Dataset entries:
== Segment start ==

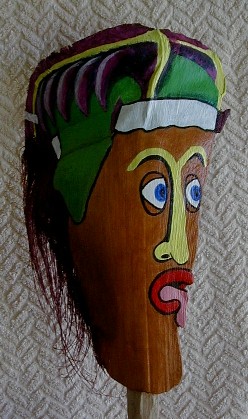 PFP 10 is just one of the palm frond faces that will be used to sponsor boomerangart.com. I have the option of accepting a direct offer "that I cannot refuse" from someone who wants to provide PFP 10 with a home. Even though I no longer have a particular PFP, it will still figure into the growing Purple Feather People Family and its continuing story. The owner may name the PFP and add to or update its story on the PFP's web page on my website or make a website of its own. Who knows where this thing is going? It is part of a living creation in both cyberspace and earthspace. I'm having fun with it and will continue to do so.
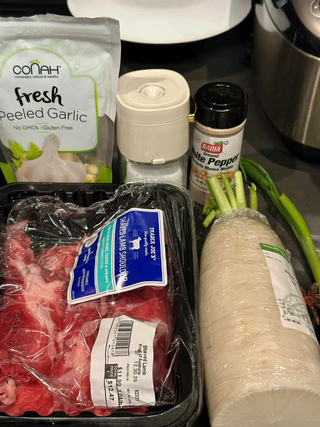 羊肉片,萝卜,葱段,蒜片,白胡椒粉,盐、辣椒油(可选)
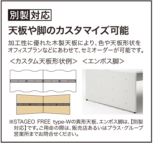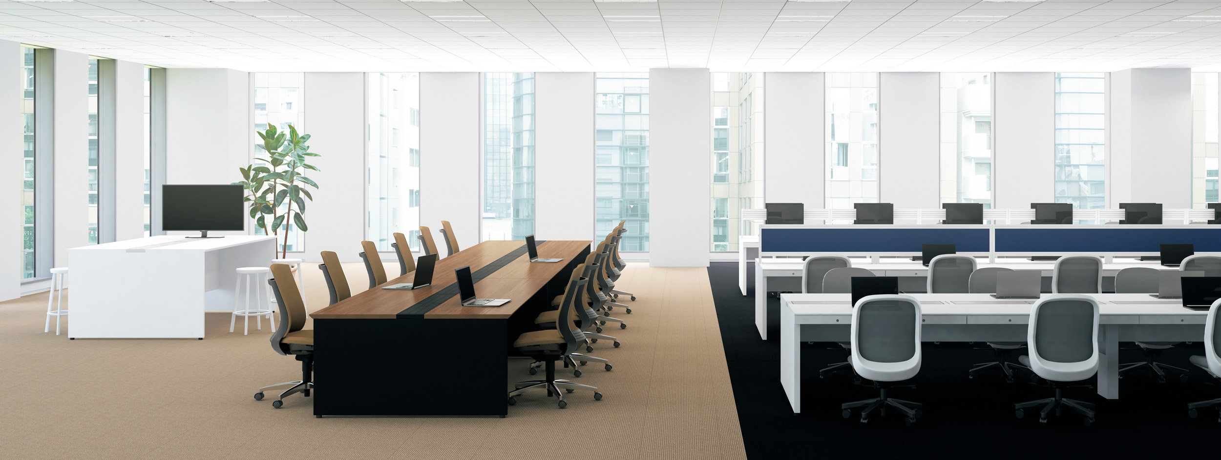 天板の継ぎ目が目立たず自由な座席設定ができる大型デスク。フリーアドレス席やタッチダウンスペースに最適です。
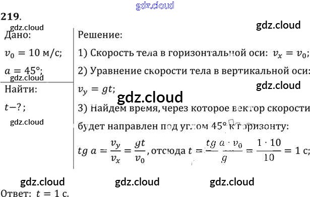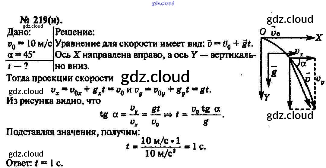 Ответ на задание 219 Задачник Физика за 10, 11 (десятый, одиннадцатый) класс Рымкевич УМК 2013
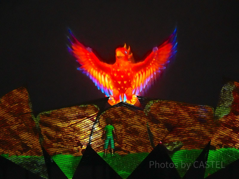 ③【ショー開始】水のスクリーンに巨大な不死鳥が!
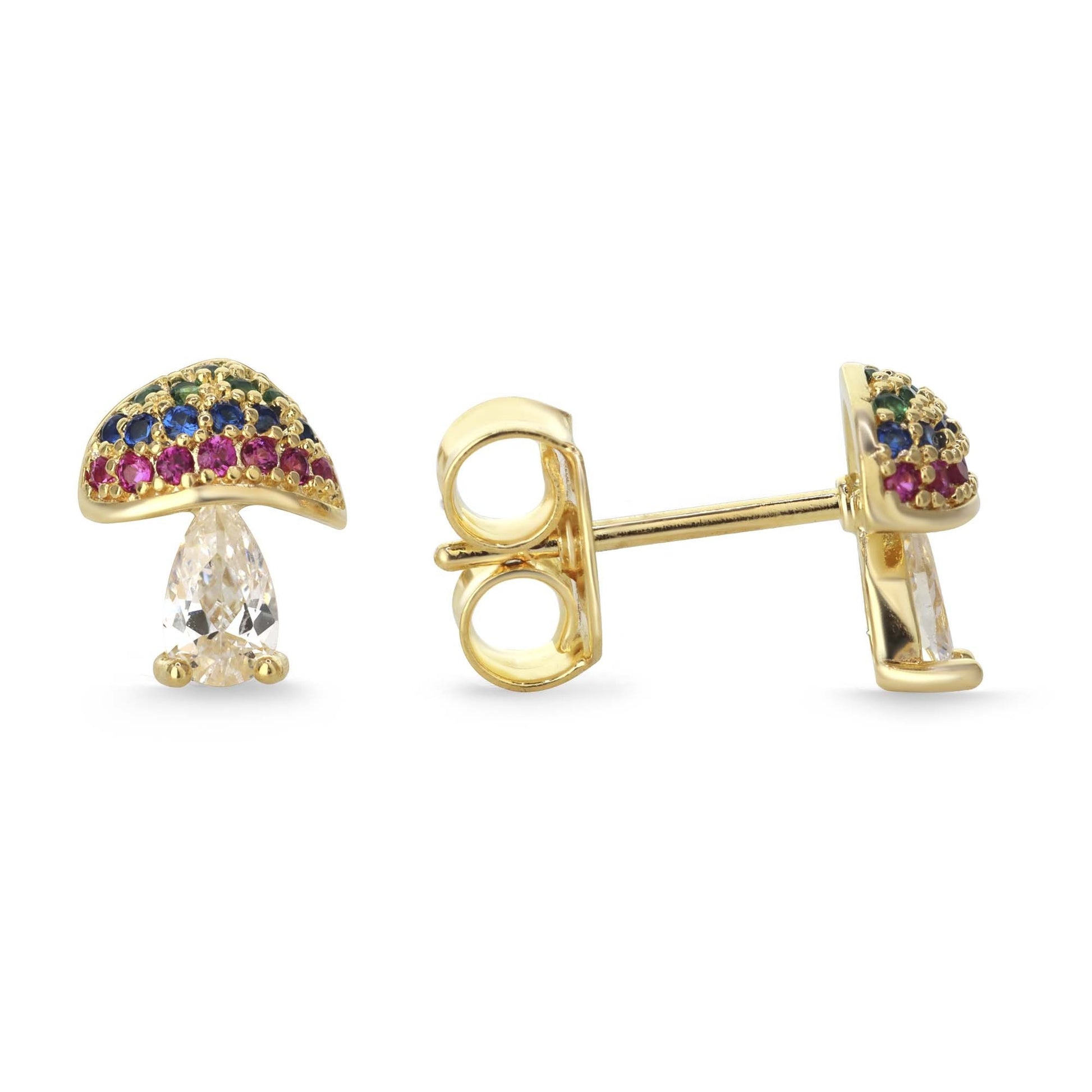 Aros Aros enchapados en oro con diseño tipo seta, decorados con circones de colores. Alegres, llamativos y con un estilo original que atrae miradas. Perfectos para quiénes buscan algo distinto y con personalidad.
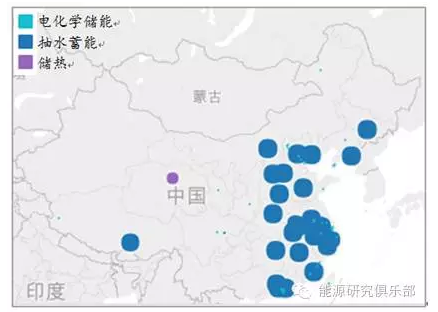 目前來看,我國儲能產(chǎn)業(yè)還處于發(fā)展的初期階段,以應(yīng)用示范為主。據(jù)美國能源部全球儲能數(shù)據(jù)庫2016年8月16日更新數(shù)據(jù)顯示,中國累計(jì)儲能總裝機(jī)32.10GW(94個在運(yùn)行項(xiàng)目),其中抽水蓄能32GW(34個在運(yùn)項(xiàng)目)、電化學(xué)儲能0.05GW(58個在運(yùn)項(xiàng)目)、儲熱0.05GW(2個)。抽水蓄能電站和電化學(xué)儲能項(xiàng)目都主要集中在我國東部沿海城市,詳見圖6。
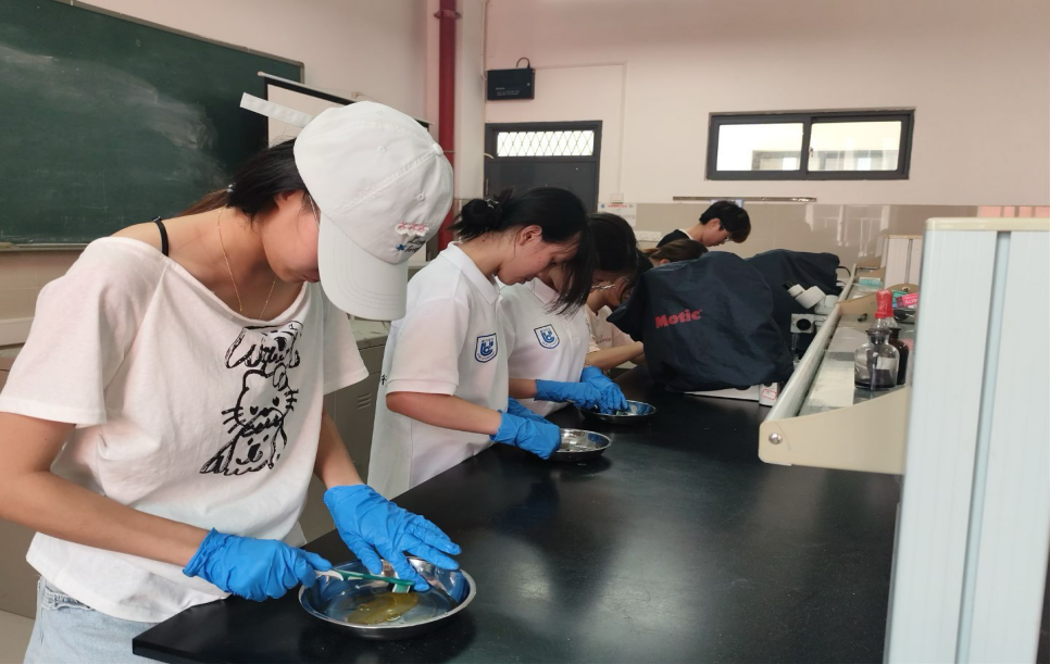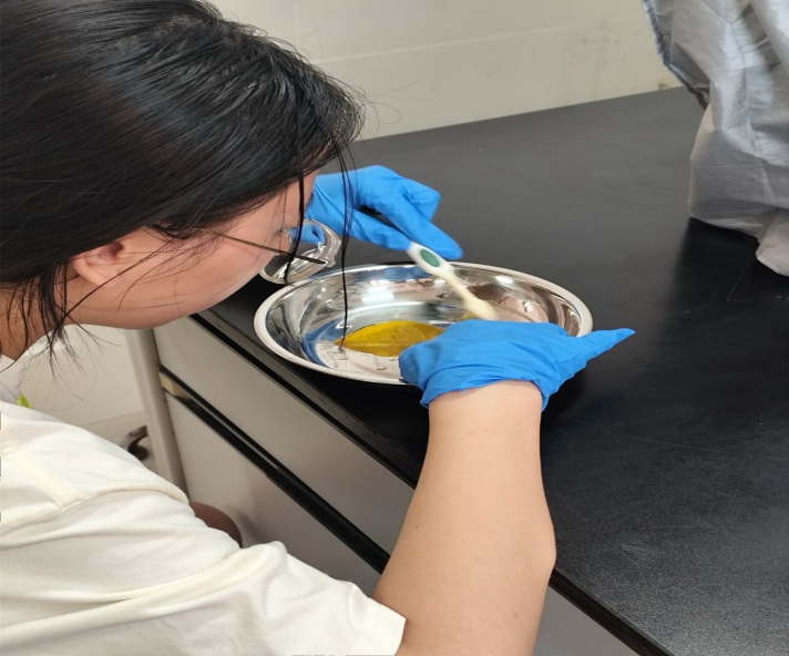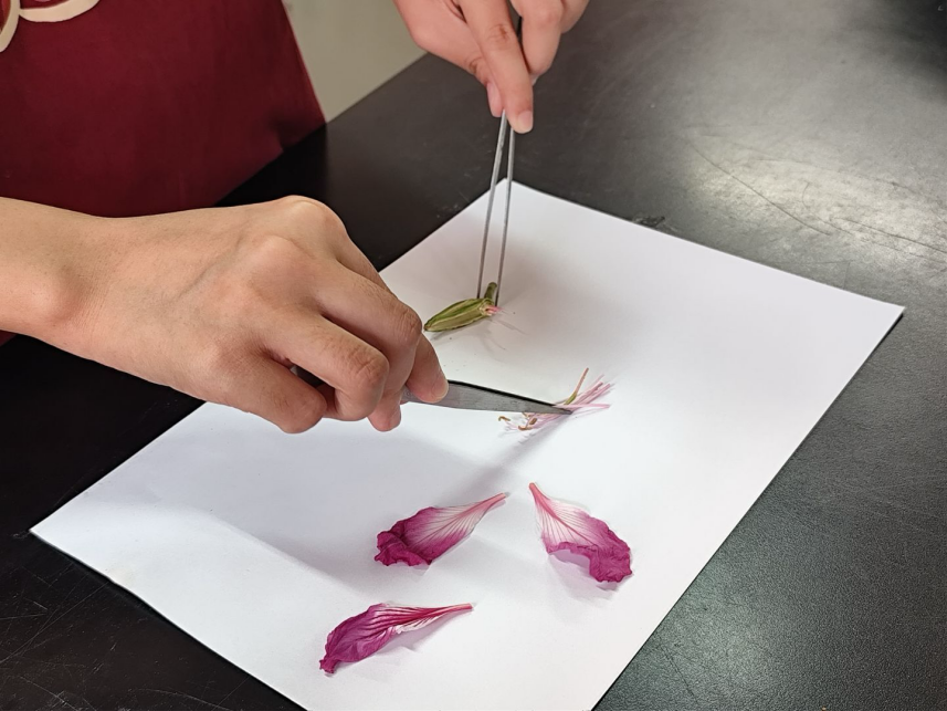 植物学认知与实践是本次培训的另一重点。刘凯良老师以红花羊蹄甲花朵为鲜活教具,现场进行细致解剖,系统讲解了花柄、花托、花瓣、雄蕊、雌蕊等植物花器官的结构特征,加深了学员们对植物形态学知识的理解。培训的压轴环节是趣味性与实践性并重的叶脉书签制作。在队长余雅婷同学详细介绍了制作原理与步骤后,学员们亲手操作,将叶片经过氢氧化钠溶液安全煮制、小心剥离叶肉、染色修饰,最后过塑定型,成功完成精美的叶脉书签。这一过程不仅锻炼了大家的动手能力和标本处理技巧,更直观展现了植物组织结构的奥妙。

== Segment end ==

Your assignment:
Where a record holds a picture, leave the picture out and restate the rest word for word.

Response:
 PFP 10 is just one of the palm frond faces that will be used to sponsor boomerangart.com. I have the option of accepting a direct offer "that I cannot refuse" from someone who wants to provide PFP 10 with a home. Even though I no longer have a particular PFP, it will still figure into the growing Purple Feather People Family and its continuing story. The owner may name the PFP and add to or update its story on the PFP's web page on my website or make a website of its own. Who knows where this thing is going? It is part of a living creation in both cyberspace and earthspace. I'm having fun with it and will continue to do so.
 羊肉片,萝卜,葱段,蒜片,白胡椒粉,盐、辣椒油(可选)
 天板の継ぎ目が目立たず自由な座席設定ができる大型デスク。フリーアドレス席やタッチダウンスペースに最適です。
 Ответ на задание 219 Задачник Физика за 10, 11 (десятый, одиннадцатый) класс Рымкевич УМК 2013
 ③【ショー開始】水のスクリーンに巨大な不死鳥が!
 Aros Aros enchapados en oro con diseño tipo seta, decorados con circones de colores. Alegres, llamativos y con un estilo original que atrae miradas. Perfectos para quiénes buscan algo distinto y con personalidad.
 目前來看,我國儲能產(chǎn)業(yè)還處于發(fā)展的初期階段,以應(yīng)用示范為主。據(jù)美國能源部全球儲能數(shù)據(jù)庫2016年8月16日更新數(shù)據(jù)顯示,中國累計(jì)儲能總裝機(jī)32.10GW(94個在運(yùn)行項(xiàng)目),其中抽水蓄能32GW(34個在運(yùn)項(xiàng)目)、電化學(xué)儲能0.05GW(58個在運(yùn)項(xiàng)目)、儲熱0.05GW(2個)。抽水蓄能電站和電化學(xué)儲能項(xiàng)目都主要集中在我國東部沿海城市,詳見圖6。
 植物学认知与实践是本次培训的另一重点。刘凯良老师以红花羊蹄甲花朵为鲜活教具,现场进行细致解剖,系统讲解了花柄、花托、花瓣、雄蕊、雌蕊等植物花器官的结构特征,加深了学员们对植物形态学知识的理解。培训的压轴环节是趣味性与实践性并重的叶脉书签制作。在队长余雅婷同学详细介绍了制作原理与步骤后,学员们亲手操作,将叶片经过氢氧化钠溶液安全煮制、小心剥离叶肉、染色修饰,最后过塑定型,成功完成精美的叶脉书签。这一过程不仅锻炼了大家的动手能力和标本处理技巧,更直观展现了植物组织结构的奥妙。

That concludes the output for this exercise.